The average cost of a two-year fixed mortgage on 75% loan-to-value ratio was, according to the Building Societies' Association, just over 6%. That is pretty much where it is now, if you can get one. And the yield on 10-year gilts was around 4.5%, not far from the 4.25% on Friday. What is different is the Bank of England's base rate, which at the end of March 2007 was 5.25%, and now 2.25%. But market projections are that it will go up to more than 5% next year, a relief for savers with spare cash. The Bank, in the jargon of the markets, is behind the curve.
The markets have done the job of tightening monetary policy which the Bank failed to do. The markets have acted with characteristic brutality. There is a general rule in finance that things always take longer to happen than you would expect, but when the markets do move, they move much faster. That is exactly what happened. However, these sudden movements are usually in equities, not in bonds.
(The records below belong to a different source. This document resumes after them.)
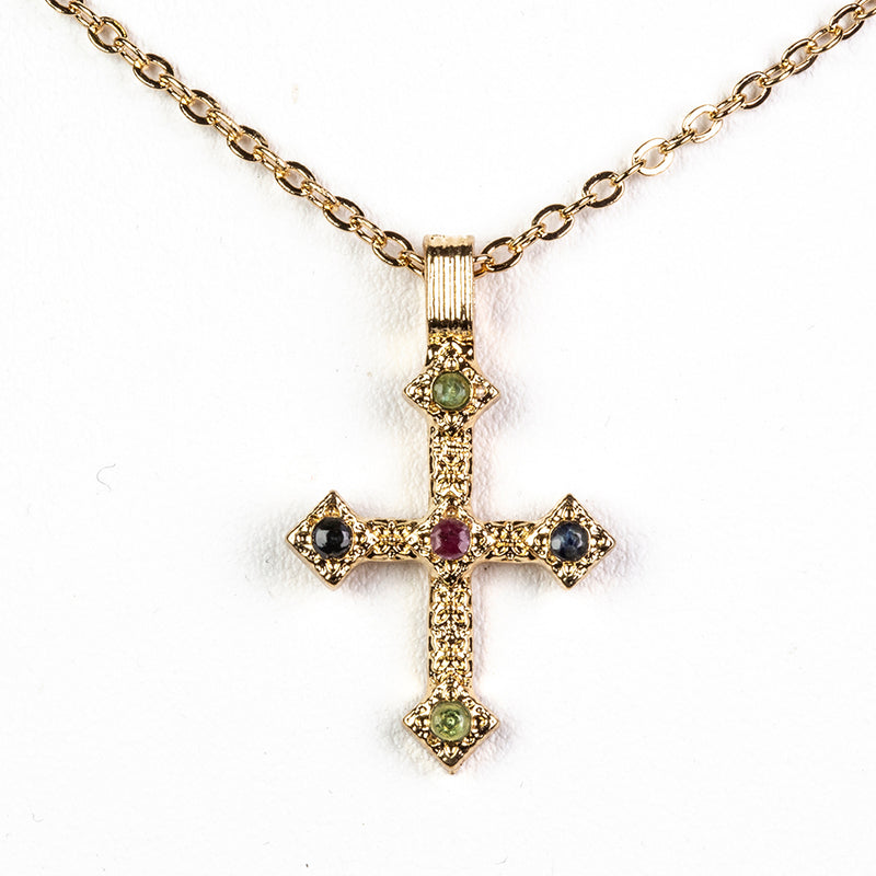 Cruce Colier din Aliaj Placat cu Aur ( 28.75 grame ) cu Rubin Birmanez și Smarald Brazilian 0.23 Carate ( Colier+Pandantiv )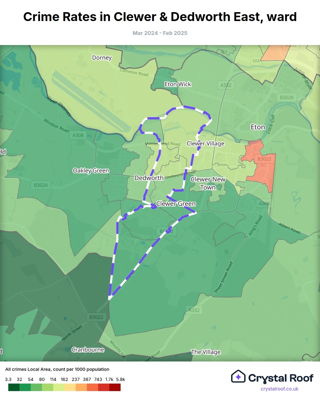 Clewer & Dedworth East, (ward) includes areas with the following crime ratings (see map):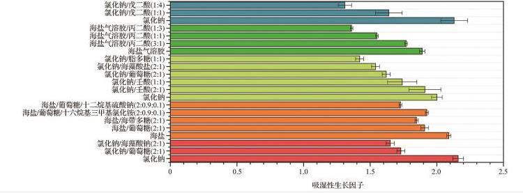 在實(shí)驗(yàn)室中通過吸濕串聯(lián)差分電遷移率分析儀測(cè)量給定RH下的粒徑與干粒徑的比值,以通過吸濕性生長(zhǎng)因子來量化吸濕性。最近許多研究關(guān)注到表面活性物質(zhì)對(duì)顆粒吸濕性的影響。圖4總結(jié)了當(dāng)前一些研究中量化的表面活性物質(zhì)對(duì)SSA模擬物吸濕性的影響。
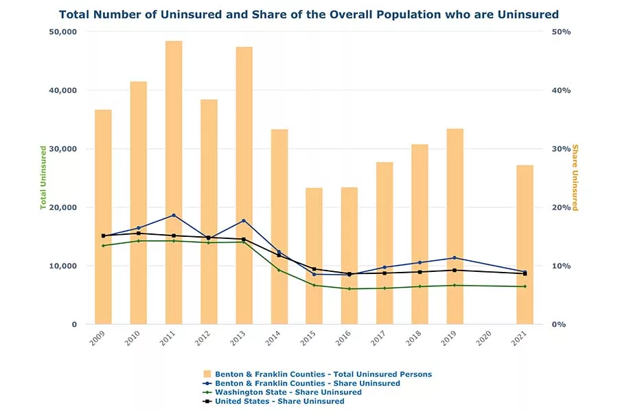 The overall average rate of the uninsured in the two counties over the 2017-21 period was 9.6%. For the large Hispanic/Latino population nearly twice as much, at 18.7%. This high rate of Hispanic/Latinos was, unfortunately, not unique to the greater Tri-Cities; nearly all central Washington counties show this disparity.

That is what led to the Bank's rescue of the gilt market on September 28. As Sir Jon Cunliffe, deputy governor, has disclosed to MPs, the rise in yields on long-dated gilts over a four-day period was twice as big as any previous experience since 2000. The trigger was the loss of confidence in the Government after Kwasi Kwarteng's mini-Budget, and I am afraid it will carry a risk premium for some time.
Among the many victims have been the pension funds that were large holders of gilts. When the dust settles there will have to be a total rethink of the way these funds have been regulated. In particular we need to look at the absurd requirements for them to have large holdings of low-yielding fixed-interest securities in a time of high inflation, and the ways they used complex – but ultimately catastrophic – financial devices to try to increase that yield.
Right now, one key question is whether gilt yields have gone up enough. Here I think the common sense answer is: pretty much yes. After all, if the world's central banks can get inflation down to something close to 2%, as they are mandated to do, a 4.25% yield for 10 years is not too bad. That does assume that the central banks will succeed, but there is such huge political pressure on them to get inflation down they will probably do so. Maybe yields will go up a bit more, but the big point here is that at least they are back to their historically normal range. If that is right there are reasonably positive implications for other asset prices, particularly for the UK.
The UK is bargain basement territory – one of the reasons why canny investors are pumping money into the country, as we discuss on these pages. I also would argue that aside from being cheap, there are huge opportunities that all this political turmoil has obscured.